Cuando los vio pasar, su


corazón se llenó de pena.
Casi todos los jóvenes de
la granja iban abordo de
ese barco que se dirigía
hacia la boca del fiordo de
Kattegat, donde les
esperaba el horizonte
infinito en aquel día
soleado. Y, sobre todo, allí
iban sus hermanos; podía
escucharlos gritando
como locos. Y hasta podía
ser que lo hiciesen a
propósito sabiendo que él
los estaba escuchando.

¿De qué le servía ser el hijo del gran Ragnar Lodbrok y de la no


menos grande Aslaug? Los hijos deformes eran llevados por el padre
al bosque, nada más nacer, para evitar la vergüenza de la familia. Era
una forma de devolver un producto defectuoso que no podría
sobrevivir en un mundo que no permitía errores. Pero, cuando él
nació, su padre no estaba en Kattegat; y, cuando finalmente regresó a
su reino, Ivar estaba lo suficientemente crecido como para que
aquella dura ley ya no tuviese efecto.
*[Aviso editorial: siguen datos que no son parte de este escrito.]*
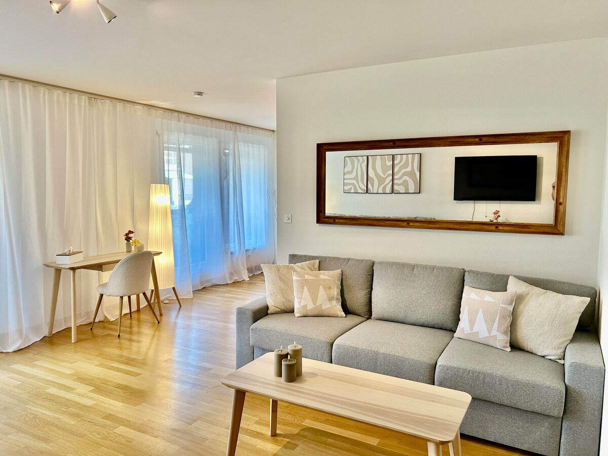 Welcome to our beautiful new apartment right on the Rhine! Enjoy breathtaking river views and a stylish, modern interior designed for your comfort. The spacious bedroom with a 1.60 m bed and a comfortable sofa bed provide the perfect space to relax. With the tram line 8 just a 5-minute walk away, you have direct access to Basel. The EuroAirport, Vitra Museum, Fondation Beyeler, and many other attractions are within easy reach. We look forward to welcoming you!

También recordaba la mirada de
Ragnar, intensa y dura, como un cuchillo que intentase traspasar la
mera apariencia para ver el fondo del espíritu. Ese era el único
recuerdo que tenía Ivar de su infancia, con la sensación de que su
padre lo aceptaba, aun sabiendo que su camino estaría siempre lleno
de piedras.

Miró de nuevo el barco, cada vez más pequeño, aguantando


malamente ese resentimiento como una aguja en su corazón. Se
imaginaba a sus hermanos tal como estarían unos días más tarde
asaltando algún poblado: la sensación de fuego recorriendo las venas,
la gozosa camaradería, el superar todos los imprevistos con una
sonrisa de satisfacción; y, por otro lado, los gritos de dolor de aquellos
que no sabían defender lo suyo, las lágrimas de las mujeres en su
carrera inútil para evitar la violación. Y finalmente el regreso con el
arcón bien repleto del botín compartido por todos los participantes, el
abrazo de las madres, tan orgullosas de sus hijos; y, después,
revivirlo y contarlo todo una y otra vez en torno a la hoguera invernal,
sin ahorrar detalles de sangre y semen ante familiares y amigos que
asentirían sonrientes, manifestando sin palabras el respeto que los
jóvenes se habían ganado aquel año.

Una algarabía de niños en la orilla del fiordo le llamó la atención,


todos desnudos corriendo hacía el agua. Risas, chillidos y chapoteos
se mezclaron con el rugido de las cascadas por donde se precipitaba
el deshielo de las montañas. Pronto se cansó de aquellas muestras de
gozo que él no podía compartir.

Se recostó sobre una roca plana tras quitarse la camisola y doblarla


para que le sirviese de almohada. Era agradable sentir sobre la piel la
tibieza del sol. Se pasó las manos por la barriga, dándose cuenta de la
grasa que ahora cubría su cuerpo. Pero él no podía pasar el tiempo
entrenando con las armas, saliendo a cazar por la montaña o
remando un barco.
Cerró los ojos y pronto sintió el asalto de aquellas imágenes que veía
en algunos sueños desde que su madre lo llevó al vidente. Se veía a sí
mismo como jefe de guerreros, respetado y obedecido, pero en una
tierra lejana. Seguía sin poder usar sus piernas, pero eso ya no era
un problema para alguien que había demostrado ser un buen jefe y
contar con el apoyo de los dioses.

Le gustaba imaginar ese futuro que tal vez nunca existiría; cualquier
cosa que le hiciese olvidar por un momento las penas de un presente
donde todo parecía estar contra él. Era agradable verse y sentirse así.
Pero el hambre le recordó que pertenecía al mundo normal. Así que,
se vistió y regresó al poblado apoyándose en el tronco que le servía de
bastón, parando a menudo y maldiciéndose a sí mismo.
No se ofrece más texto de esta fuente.